L’école aurait dû ouvrir ses portes à 8h00, mais les élèves en ont bloqué l’accès avec des cadenas pour protester contre un gouvernement qui, selon eux, ne fait rien pour protéger leur avenir.
Jusqu’à l’heure du déjeuner, « il n’y a pas eu de cours », a confié à l’agence Lusa José Borges, étudiant du Lycée Camões, expliquant que la matinée s’est passée devant les grilles du lycée à scander des slogans, chanter et jouer de la musique.
Aux alentours de midi, les élèves ont commencé à lever le blocus et se sont réunis en assemblée pour décider des prochaines formes de lutte qui inciteront « le gouvernement à prendre des mesures garantissant un avenir durable », a ajouté le porte-parole du Lycée Camões.
Ceci est l’une des écoles impliquées dans la manifestation qui a commencé lundi avec la fermeture de l’École Artistique António Arroio (Lisbonne) et continuera tout au long de la semaine avec la promesse de paralyser d’autres écoles.
L’initiative vient du mouvement pour la Fin du Fossile, auquel appartient Matilde Ventura, qui a rappelé aujourd’hui qu’il y a environ un an, le gouvernement a reçu une lettre signée par des milliers d’élèves, signalant de nouvelles manifestations si la demande pour la fin de l’utilisation des combustibles fossiles n’était pas prise en compte.
« La réponse que nous avons eue du gouvernement fut : ‘Vous pouvez toujours attendre’, mais le temps où l’on pouvait attendre est révolu.
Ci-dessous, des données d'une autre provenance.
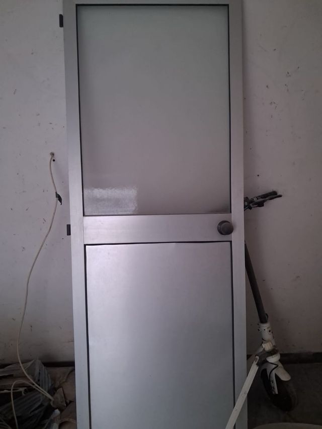 Puerta de aluminio con diseño moderno y cristal. Marco de aluminio resistente. Mide 2,06x75,5

Parce que nous savons que nous sommes au bord de l’effondrement et qu’il s’agit de notre vie », a déclaré José Borges, ajoutant que « pour avoir un avenir, il ne suffit pas d’aller en cours tous les jours ».
« Sans la fin du fossile d’ici 2030, nous n’aurons pas d’avenir. Ce n’est pas une opinion, ce n’est pas négociable, c’est de la science », a ajouté José Borges.
Les étudiants promettent de poursuivre les manifestations et d’autres actions de sensibilisation. Aujourd’hui, une table ronde aura lieu avec des professeurs et étudiants de la Faculté des Sciences de l’Université de Lisbonne sur l’état actuel de la crise climatique, et une discussion à la Nova Medical School sur la santé mentale en temps de crise climatique, avec trois des médecins qui ont lancé la lettre des professionnels de santé pour la fin du fossile en 2030.
Samedi, les étudiants organiseront une marche dans les rues de Lisbonne, qui se terminera devant l’Assemblée de la République, afin de sensibiliser à la crise climatique.